The longer your mortgage term, the higher your rate will be. For instance, you’ll pay more on a 30-year mortgage than a 15-year mortgage. Longer terms do come with lower monthly payments, though, because you’re spreading out the repayment process.

Today’s mortgage and refinance rates

Today’s mortgage rates

Conventional rates from Money.com; government-backed rates from RedVentures.

Today’s refinance rates

Conventional rates from Money.com; government-backed rates from RedVentures.

How to get the best mortgage rate

Here are a few steps you can take to get the best mortgage rate possible:

  • Get a fixed-rate mortgage. You can ask your specific lender about its fixed rates vs. adjustable rates. But in general, fixed rates are starting lower than adjustable ones. Rates are also at all-time lows, so you would lock in a low rate instead of risking an increase later with an ARM.
  • Look at your finances. The stronger your financial situation, the lower your mortgage rate should be. Look for ways to boost your credit score or lower your debt-to-income ratio, if necessary. Saving for a higher down payment also helps.
  • Choose the right lender. Each lender charges different mortgage rates. Picking the right one for your financial situation will help you land a good rate.

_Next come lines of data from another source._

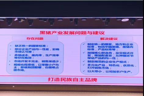最后,刘娣书记根据国家出台的政策法规,阐述中国黑猪产业发展面临的机遇和问题,并给出明确的建议。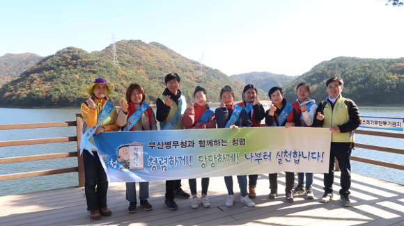 부산지방병무청은 포털사이트 '1365'를 통해 신청한 자원봉사자들과 직원 20여명 참석한 가운데 '시민과 함께하는 지역사랑 청렴캠페인' 행사를 회동수원지에서 실시했다고 13일 밝혔다.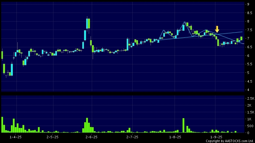 长久股份(06959.HK)呈现头肩顶向下突破。现价报6.710,下跌2.754%,成交量5.20千股,成交额3.49万。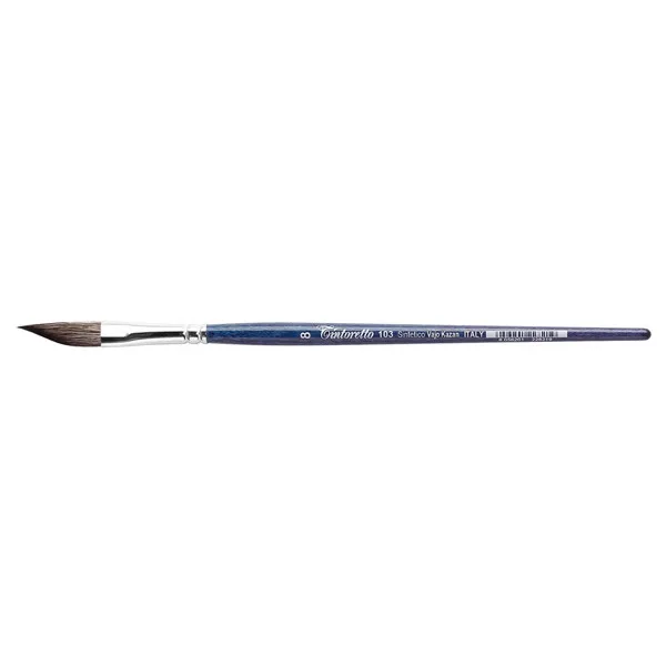 A Tintoretto 103-as szériájú ecsete szintetikus szálakból készült, azonban mégis egy igazán kiváló imitációja a mókusszőr ecseteknek, nem csak kinézetben, hanem tulajdonságaiban is. Az ecsetek nagyon puhák, és remek a szín-és vízmegtartó képességük. Rendkívül jól őrzi formáját, amely miatt rengetegféle módon használható. Tökéletes választás vizes bázisú festékek használatánál, vagy akár kerámiák festéséhez is. Kard fejű ecset, 4 különböző méretben.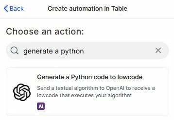 Choose the action: In the action search bar, type generate a python and select Generate a Python code to lowcode.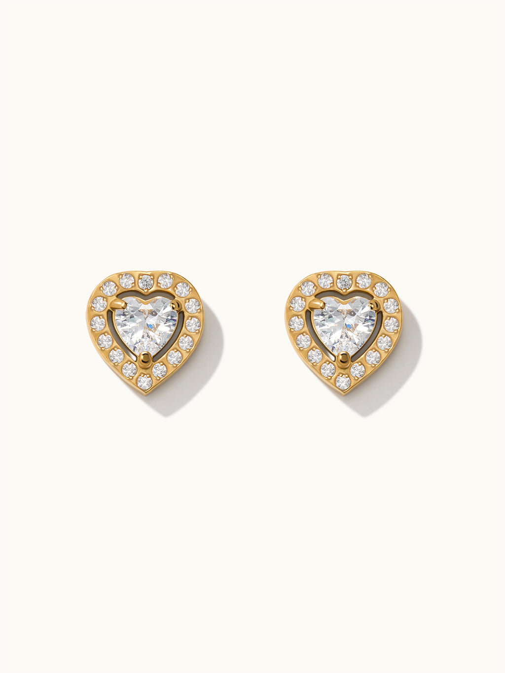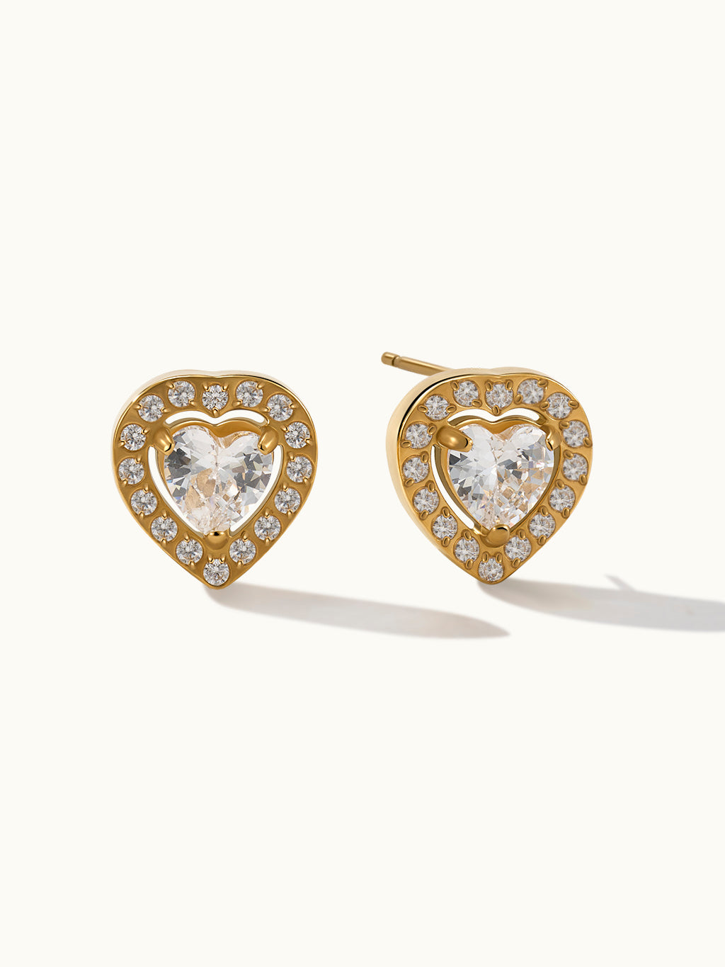 Die Sparkling Heart Zirkon Stud Ohrringe präsentieren schimmernde herzförmige Zirkoniasteine und verleihen jedem Look einen Hauch von Romantik und Eleganz.

How to choose a mortgage lender

First, think about what type of mortgage you want. The best mortgage lender will be different for an FHA mortgage than for a VA mortgage.

A lender should be relatively affordable. You shouldn’t need a super high credit score or down payment to get a loan. You also want it to offer good rates and charge reasonable fees.

Once you’re ready to start shopping for homes, apply for preapproval with your top three or four choices. A preapproval letter states that the lender would like to lend you up to a certain amount, at a specific interest rate. When you’re preapproved, your mortgage rate is locked in for 60 to 90 days. With a few preapproval letters in hand, you can compare each lender’s offer.

When you apply for preapproval, a lender does a hard credit inquiry. A bunch of hard inquiries on your report can hurt your credit score — unless it’s for the sake of shopping for the best rate.

If you limit your rate shopping to a month or so, credit bureaus will understand that you’re looking for a home and shouldn’t hold each individual inquiry against you.